As everything Bamford & Morris manufacture is custom designed individual applications need to be assessed on a case by case basis for suitability. However the following information should provide some further understanding of the theory behind how our Eductors, Ejectors, Heaters and Desuperheaters work and operate.
Ejectors operate by using gaseous fluids, such as steam or air as the high pressure motive fluid to create vacuums as well as to pump, compress and boost secondary low pressure gases. How an ejector works is again based on the venturi principle and is relatively straight forward as follows:
- The high pressure motive fluid is passed through the ejector's motive nozzle which accelerates the fluid up to sonic velocities where 'choke flow' occurs. This increase in velocity causes adiabatic expansion of the motive gas from the motive pressure to the design suction pressure.
- As the high velocity motive fluid exits the motive nozzle (V1) it draws in and entrains the suction fluid where an impulse transfer of energy occurs between the two fluids. The throat section of the ejector is designed for a specific suction load at the required discharge pressure. This is achieved by designing the throat diameter so that as the two fluids mix they are travelling at sonic velocities (V2) and therefore at 'choked flow' conditions.
An Ejector therefore is designed on the two choke flow principle.
- As with the Eductor the diffuser section gradually increases in diameter and allows pressure recovery to occur. Depending on the pressures and flow rates, compression ratio's of up to 10:1 between the suction and discharge are possible in a single ejector. If greater suction pressures are required multiple ejectors can be installed in series.
- Steam ejectors and thermocompressors, or ejectors which handle other condensable gases, will require an intercondensor between each ejector stage to 'knock out' the condensable fluids. This allows smaller ejectors to be used and minimises the motive requirements at each stage. Ejectors which are handling non condensable gases therefore tend to be larger and require a greater motive pressure and flowrate as the suction load progressively increases from stage to stage.
Applications include evacuating vessels, creating process vacuums, priming systems and recovery of waste gases / steam as well as dilute phase pneumatic conveyance. of solids.
How they work - Instantaneous / Inline Steam Heaters
How a steam injection heater works is very simple and the principle of operation is very much as the name implies.
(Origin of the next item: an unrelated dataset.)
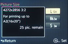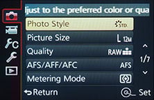 Right, now that’s all out the way, what about the actual quality options? You already know the LX100 can record in four different aspect ratios, selected using a dedicated switch on the lens barrel. Each aspect ratio can be recorded in three different resolutions, with the smaller two being around 6.5 and 3 Megapixels respectively. You can choose to record images with two different JPEG compression levels or as a RAW file; you can also record RAW files with an accompanying JPEG is desired. Note if RAW is enabled, many of the picture enhancement menus are greyed-out.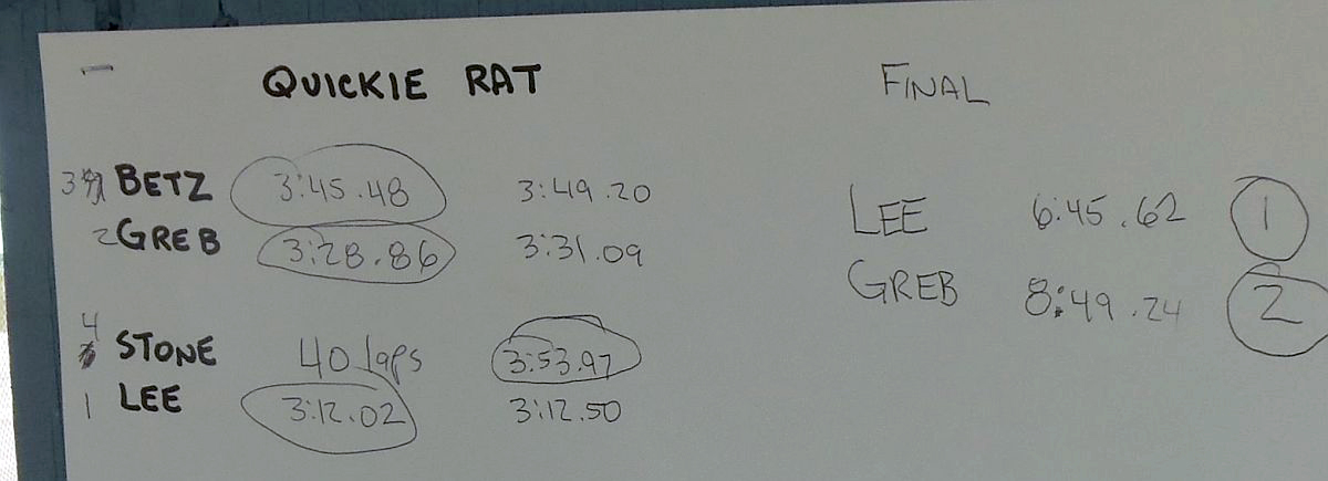 Nine entries made for a good turnout and 3, 3-up races. The format this year was to give each contestant 2, 80-lap back-to-back races. All times were then sorted from fastest to slowest, and divided into gold, silver, and bronze races. By doing this, everybody got two preliminaries and a final race.

- By using the venturi principle we can reduce the pressure of any liquid which has Newtonian behaviour, water for example, to below that of any available heating steam.
- This drop in pressure allows the heating steam to enter the Injection Heater and mix with the liquid. A specially designed throat section ensures a high level of turbulence and promotes rapid and homogeneous mixing of the steam with the liquid.
- The steam transfers its energy, heat, to the liquid and condenses as it cools so that it exits the Injection Heater as a single phase, higher temperature liquid.
As with an Eductor the liquid passes through a diffuser section which reduces the fluid velocity and allows some pressure recovery back up to or near the initial pipeline pressure.